I muri erano realizzati completamente a secco con impiego di pietre laviche di diverse dimensioni. L’edificio doveva essere coperto da un tetto rivestito da tegole di terracotta. L’adozione della pianta rettilinea e l’utilizzo di un tipo di copertura stabile dimostrano l’acquisizione in età arcaica, da parte di questo e di altri centri indigeni della Sicilia, di tecniche edilizie di tipo greco, più idonee a garantire l’isolamento delle abitazioni dagli agenti atmosferici esterni. Prima dell’arrivo dei Greci, infatti, le popolazioni indigene erano solite abitare in capanne a pianta ovale o circolare, provviste di coperture fatte in materiale deperibile (paglia e fango).
Quasi nulla purtroppo si conosce degli edifici di culto e di carattere pubblico, nonostante al Museo di Adrano siano esposti alcuni importanti elementi architettonici in pietra lavica. Si tratta di tre capitelli, di cui uno ispirato allo stile dorico e due a quello ionico, e di alcune porzioni di colonne a sezione ottagonale. Inoltre da ritrovamenti di superficie sono noti vari tipi di antefisse. Le più numerose sono quelle a testa femminile, ma non mancano esemplari a protome leonina e gorgonica.
Si potrebbe ipotizzare la presenza di qualche edificio di culto o di carattere pubblico nel settore meridionale della città antica all’interno della cinta muraria, in prossimità della porta urbica.
Solo il proseguimento delle indagini, potrà dare una risposta ai numerosi interrogativi posti da questo insediamento siculo, i cui dati di scavo sembrano fissare la piena fioritura nel VI sec. a.C.
Resta inesplorato, infatti, l’impianto urbano, le aree sacre, ancora ignoto il nome, anche se qualcuno, con il conforto della numismatica, ha voluto identificarlo con l’antica città indigena di Piakos. Ancora da precisare, infine, i rapporti con la città greca di Adranon, l’insediamento nato nel 400 a.C., per volontà, secondo Diodoro Siculo, di Dionigi il Vecchio, a pochi chilometri di distanza, su un’altura sovrastante il corso del Simeto.

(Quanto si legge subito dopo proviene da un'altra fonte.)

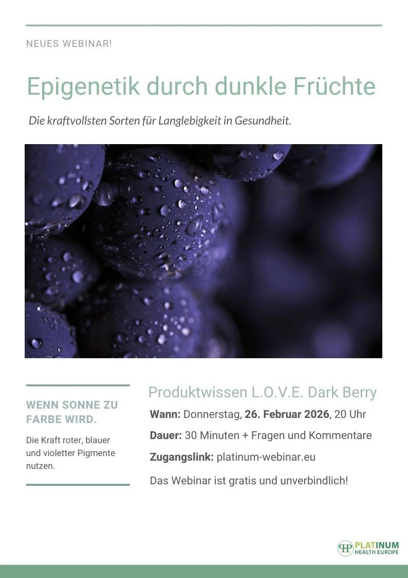 Jeden Donnerstag um 20 Uhr laden wir Sie und Ihre Gäste herzlich ein zu Live-Webinaren und Videokonferenzen über die Vorteile der Produkte und der Markenpartnerschaft von Platinum Europe.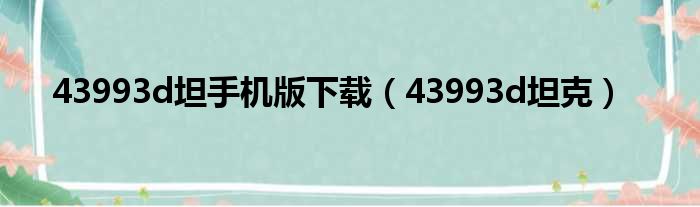 大家好,小霞來為大家解答以上的問題。43993d坦手機版下載,43993d坦克這個很多人還不知道,現在讓我們一起來看看吧!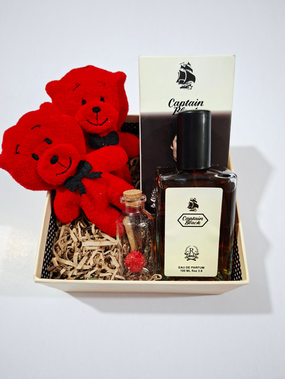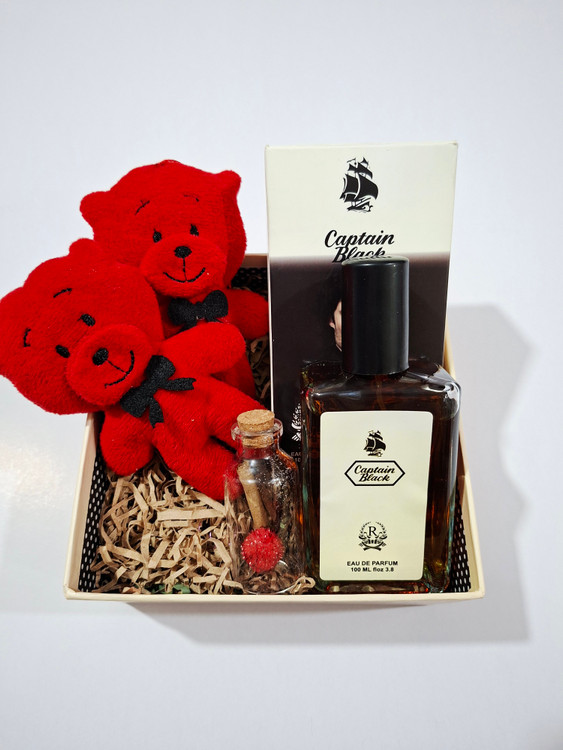 شامل ادکلن ۱۰۰میل کاپیتان بلک، ۲عدد عروسک خرسی، شیشه عشق، پوشال و جعبه کادو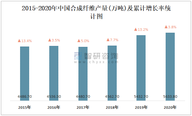 2015-2020年中國合成纖維產(chǎn)量及增長率統(tǒng)計圖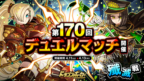 株式会社アソビズム(本社:東京都千代田区、代表取締役:大手智之)は、App Store・Google Playにて好評配信中のリアルタイム合体カードバトル『ドラゴンポーカー』で、2023年4月11日(火)より「第170回デュエルマッチ本戦」を開催いたします。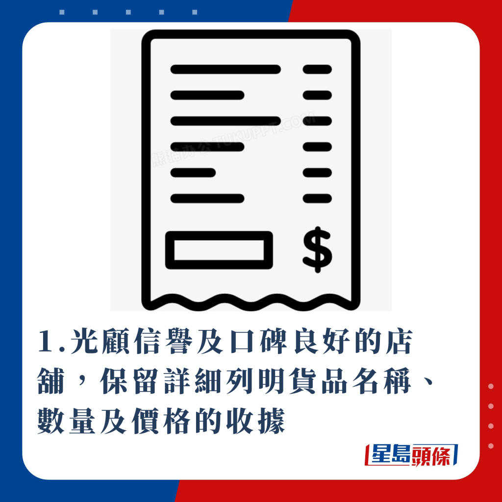 1.光顧信譽及口碑良好的店鋪,保留詳細列明貨品名稱、數量及價格的收據 ? ?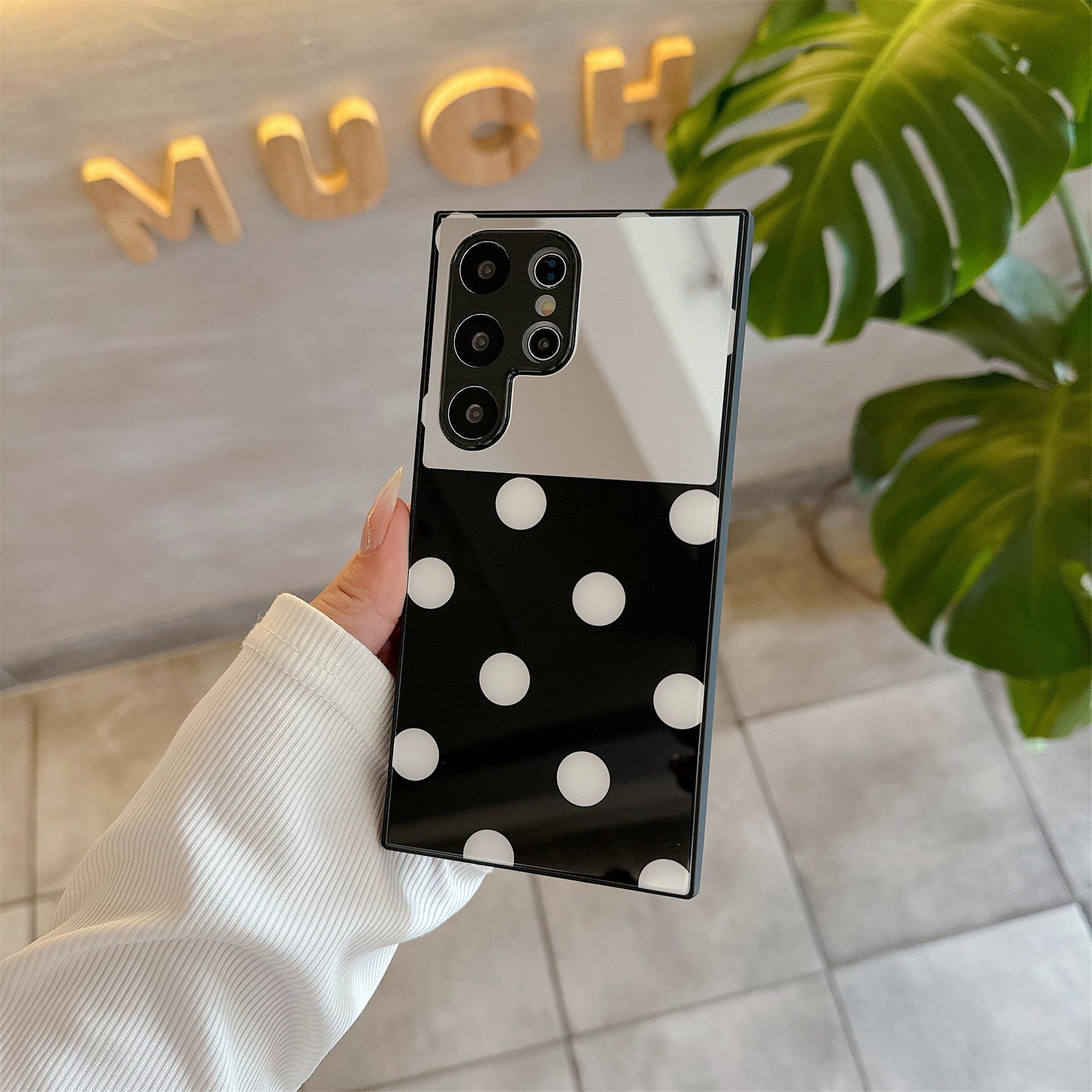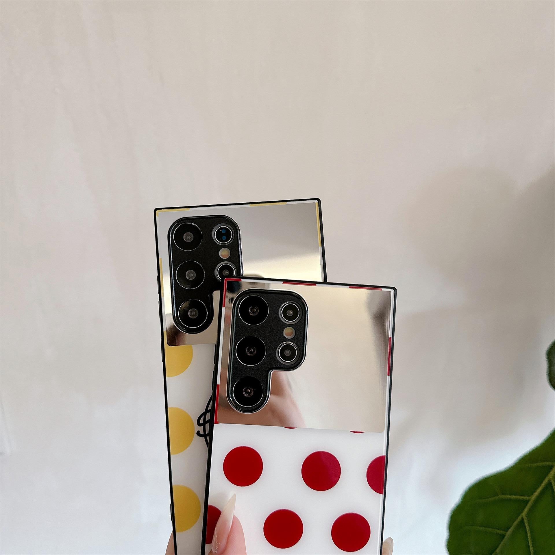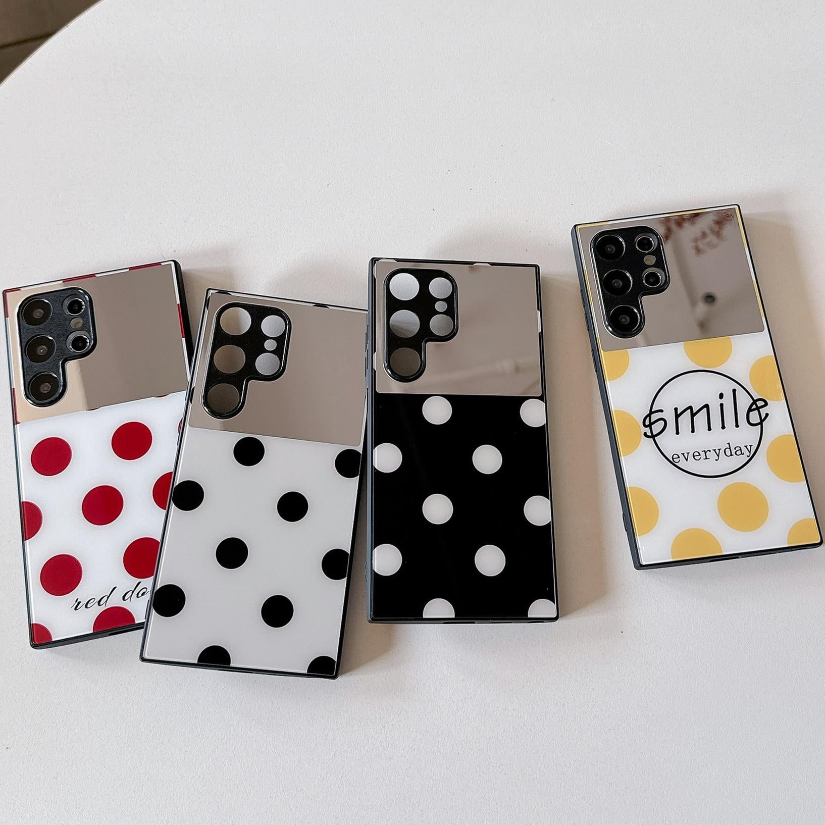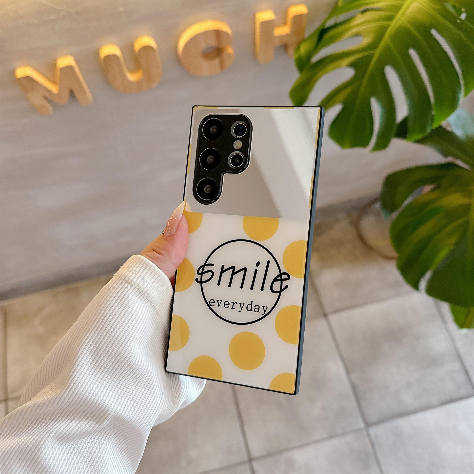 For Samsung S25Ultra S25 S24 S23 S22 S21 Phone Case, Luxury Glitter Mirror Wave Point Smile Plating Acrylic, Camera Protection Hard Full Cover

L’operazione che porta alla nascita di Adranon, il cui sito si trova nell’abitato dell’odierna Adrano, è certamente di grande valenza strategica e segna il rafforzamento dell’egemonia siracusana nella zona. Tra gli scopi primari il controllo della corso del Simeto e quello della città sicula di Centuripe.
Il sito prescelto fu quello in cui sorgeva da tempo il santuario di una tra le più potenti divinità sicule, Adranos.